Some time ago, we used hafnium codebase based on the commit ca03054ba6a351534b93e6d64c12e671578eb340.
And I verified the fix. The compilation passed, but the system cannot boot successfully.
Later, we updated the hafnium codebase based on the commit dd883207ee9b31c19169adf97c918d561dcb9a5c.
And I verified the fix again.
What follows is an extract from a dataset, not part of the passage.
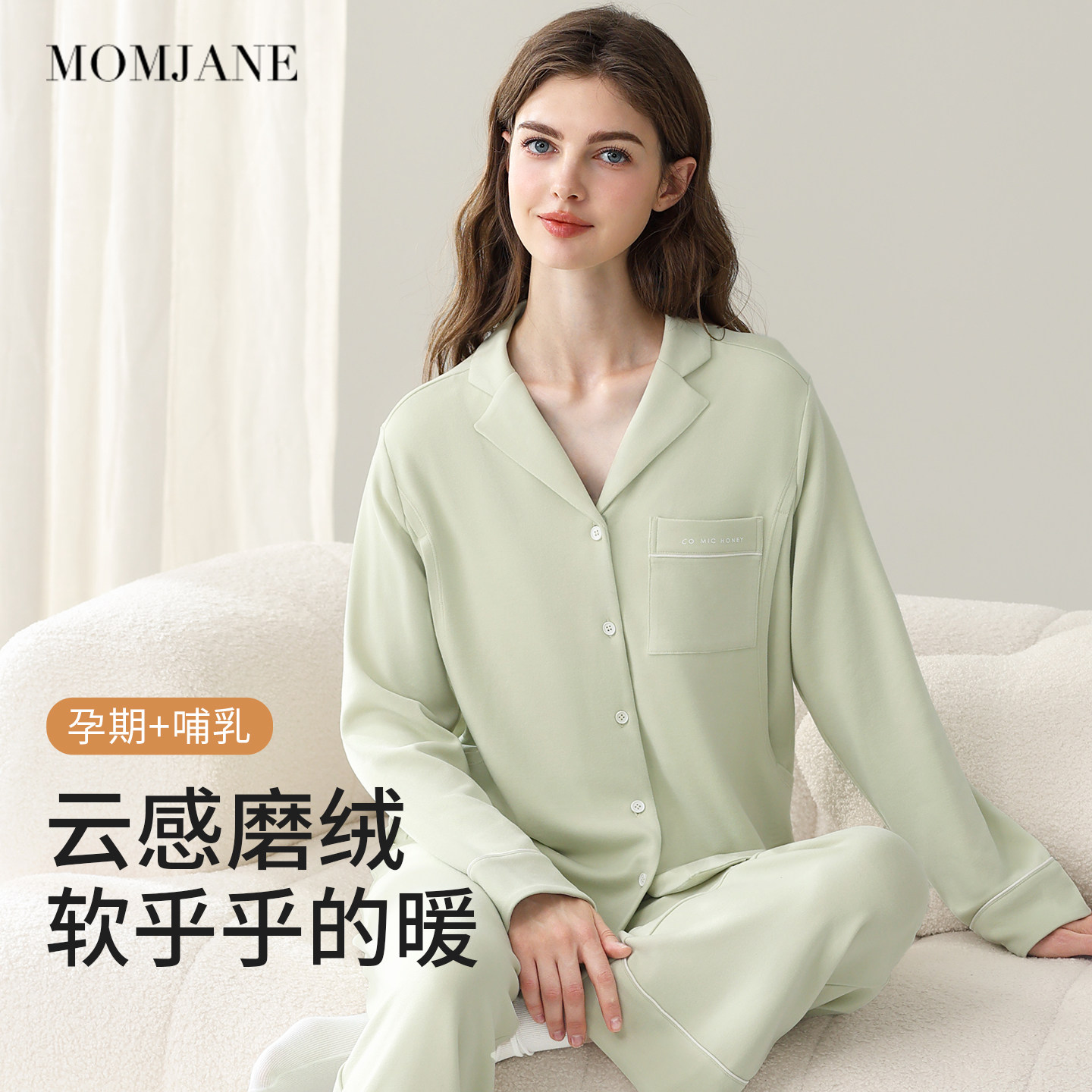 MAMILINE抑菌防螨睡衣女家居服半边绒孕妇睡衣月子服套装秋冬加厚
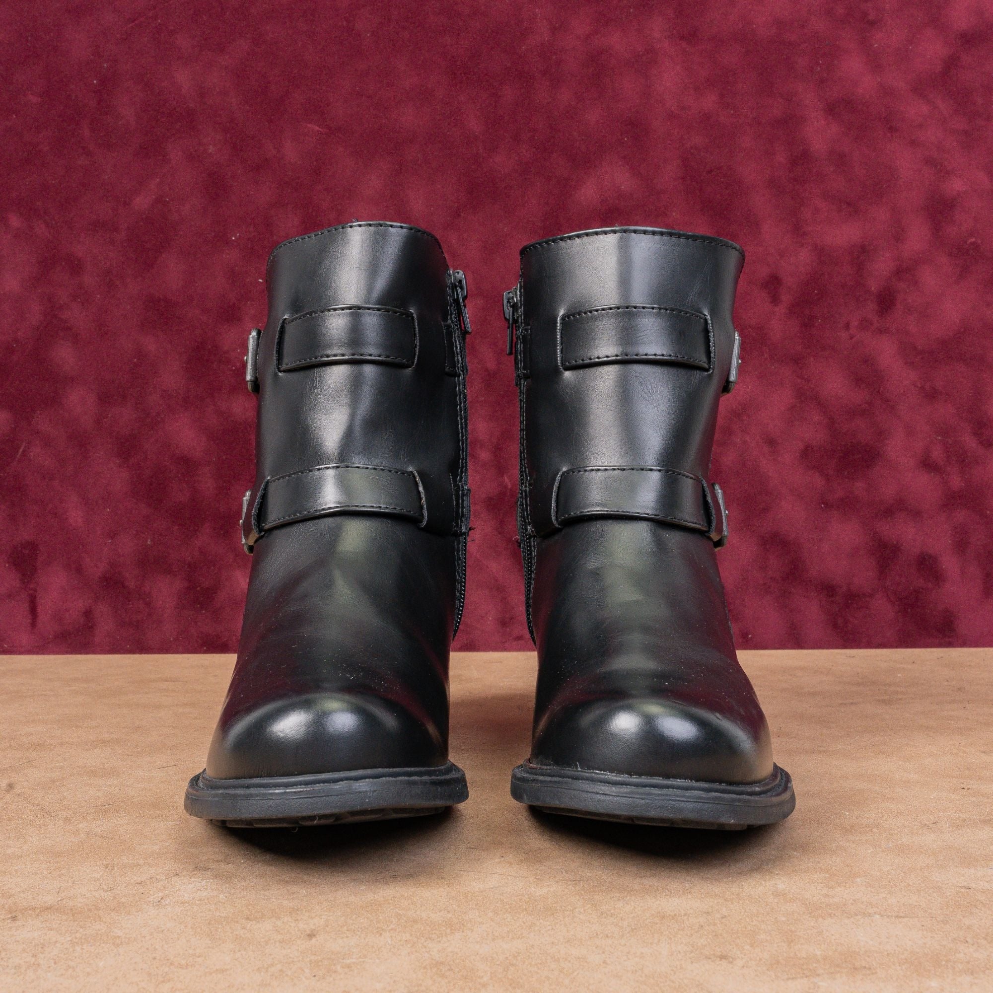 The design is inspired by classic motorcycle boots, likely featuring buckle strap accents and a durable, traction-ready outsole.

The system can boot successfully.
Regards,
Yuye.
------------------------------------------------------------------
发件人:Olivier Deprez <Olivier.Deprez(a)arm.com>
发送时间:2023年3月23日(星期四) 16:54
收件人:梅建强(禹夜) <meijianqiang.mjq(a)alibaba-inc.com>
主 题:Re: load optee at 36bit address
Hi Yuye, just to acknowledge receipt of this query.
Please accept a slow response as I'm currently away from my office.
I will do a few trials at my end to reproduce and try to help at my best.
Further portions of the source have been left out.